Edit: In case it's not obvious, I have done limited research on AI alignment organizations and the goal of my post is to ask questions from the point of view of someone who wants to contribute and is unsure how. Read down to the comments for some great info on the topic.
I was introduced to the topic of AI alignment when I joined this very forum in 2014. Two years and one "Superintelligence" later, I decided that I should donate some money to the effort. I knew about MIRI, and I looked forward to reading some research comparing their work to the other organizations working in this space. The only problem is... there really aren't any.
MIRI recently announced a new research agenda focused on "agent foundations". Yet even the Open Philanthropy Project, made up of people who at least share MIRI's broad worldview, can't decide whether that research direction is promising or useless. The Berkeley Center for Human-Compatible AI doesn't seem to have a specific research agenda beyond Stuart Russell. The AI100 Center at Stanford is just kicking off. That's it.
I think that there are two problems here:
- There's no way to tell which current organization is going to make the most progress towards solving AI alignment.
- These organizations are likely to be very similar to each other, not least because they practically share a zipcode. I don't think that MIRI and the academic centers will do the exact same research, but in the huge space of potential approaches to AI alignment they will likely end up pretty close together. Where's the group of evo-psych savvy philosophers who don't know anything about computer science but are working to spell out an approximation of universal human moral intuitions?
How to evaluate progress in AI alignment?
Any answer to that question, even if not perfectly comprehensive or objective, will enable two things. First of all, it will allow us to direct money (and the best people) to the existing organizations where they'll make the most progress.
More importantly, it will enable us to open up the problem of AI alignment to the world and crowdsource it.
For example, the XPrize Foundation is a remarkable organization that creates competitions around achieving goals beneficial to humanity, from lunar rovers to ecological monitoring. The prizes have two huge benefits over direct investment in solving an issue:
- They usually attract a lot more effort than what the prize money itself would pay for. Competitors often spend in aggregate 2-10 times the prize amount in their efforts to win the competition.
- The XPrizes attract a wide variety of creative entrants from around the world, because they only describe what needs to be done, not how.

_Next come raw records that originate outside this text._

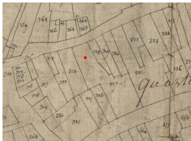
Extrait du plan cadastral de 1809, parcelle E 327 (partie est). IVR82_20124202571NUD
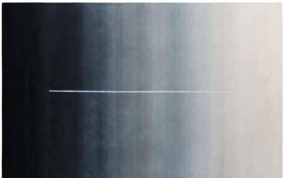
NODUS, Hiatus 3 model - Design: Gustavo Martini - nodusrug.it
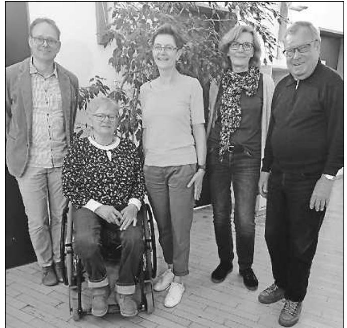
Vorstand Hospizdienst RHL
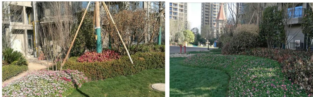
景观绿化区园林绿化情况

较、管理维护标准均较高，目前景观绿化区域植被已基本郁闭，能正常发挥其水土保持功能，区域水土流失主要为轻度的面蚀。
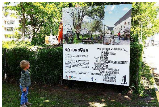
Figur 2. Præsentation af Naturbyen 2016
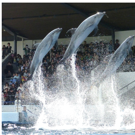
爽やかな水しぶきをあげて、夏の暑さを吹き飛ばそう
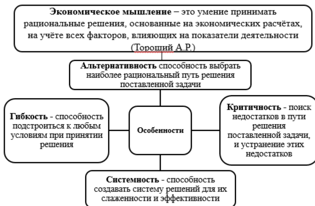
Рис. 2 – Основные особенности современного экономического мышления

Схематически представим вышеизложенное на рисунке 2.
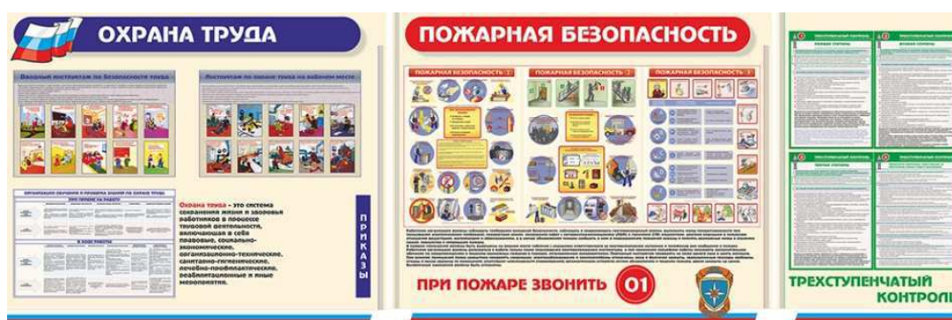
Рисунок 2 – Стенд «охрана труда», «пожарная безопасность», «трехступенчатый контроль»
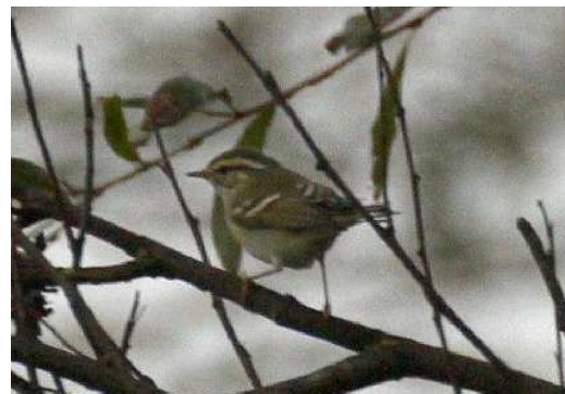
Pouillot à grands sourcils, Donges
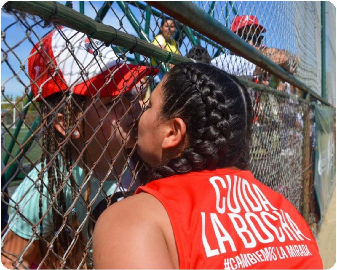
Foto 34. Amor que se abre paso incluso en condiciones de encierro
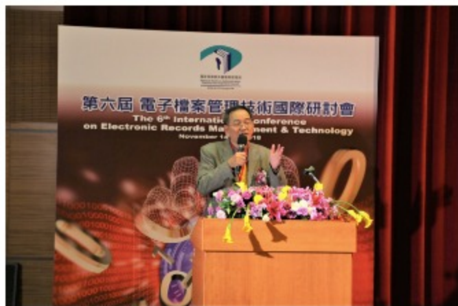
國發會何主任秘書全德蒞臨開幕致詞

由國家發展委員會及客家委員會指導，本局及客家文化發展中心主辦「與地圖的時空對話—國家檔案地圖中的故事」特展，由國發會副主委曾旭正、客委會副主委范佐銘及與會貴賓一起揭開序幕，帶領大家探索國家檔案地圖中的故事。自107.10.24—108.05.31於本局1樓展覽廳展出，歡迎大家一起走進展場探索寶島風華的演進，或欣賞線上展，與這些歷史地圖進行時空對話。展覽廳地址：新北市新莊區中平路439號北棟1樓。
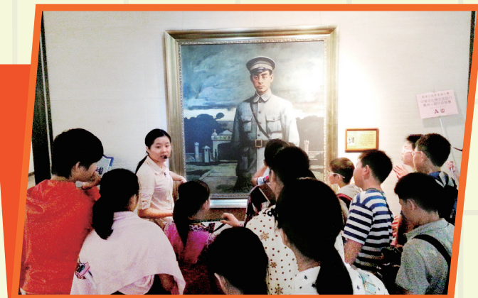
同學留心聆聽導賞員講解

孫中山大元帥府紀念館是依託廣州孫中山大元帥府舊址籌建的人物紀念館，為國家二級博物館。館內設有《帥府百年》復原陳列、《孫中山在廣州三次建立政權》基本陳列、《帥府名人》、《民國廣州》、《帕內在廣州建築史跡》和《帕內眼中的嶺南》等長期展覽。2001年修葺後的「大元帥府」以嶄新的面貌重新對外開放，每年慕名而來的海內外遊客絡繹不絕。

Stuart Russell was the primary author of the FLI research priorities document, so I'd expect CHCAI's work to focus in on some of the problems sketched there. Based on CHCAI's publication page, their focus areas will probably include value learning, human-robot cooperation, and theories of bounded rationality. Right now, Russell's group is spending a lot of time on cooperative inverse reinforcement learning and corrigibility.
This slide from a recent talk by Critch seems roughly right to me: https://intelligence.org/wp-content/uploads/2017/01/hotspot-slide.png
A prize fund is one of the main side-projects MIRI has talked about wanting to do for the last few years, if we could run a sufficiently large one -- more or less for the reasons you mention. Ideally the AI safety community would offer a diversity of prizes representing different views about what kinds of progress we'd be most excited by.
If funds for this materialize at some point, the main challenge will be that the most important conceptual breakthroughs right now involve going from mostly informal ideas to crude initial formalisms. This introduces some subjectivity in deciding whether the formalism really captures the key original idea, and also makes it harder for outside researchers to understand what kinds of work we're looking for. (MIRI's research team's focus is exactly on the parts of the problem that are hardest to design a prize for.) It's easier to come up with benchmarks in areas where there's already been a decent amount of technical progress, which would be quite valuable on its own, though it means potentially neglecting the most important things to work on.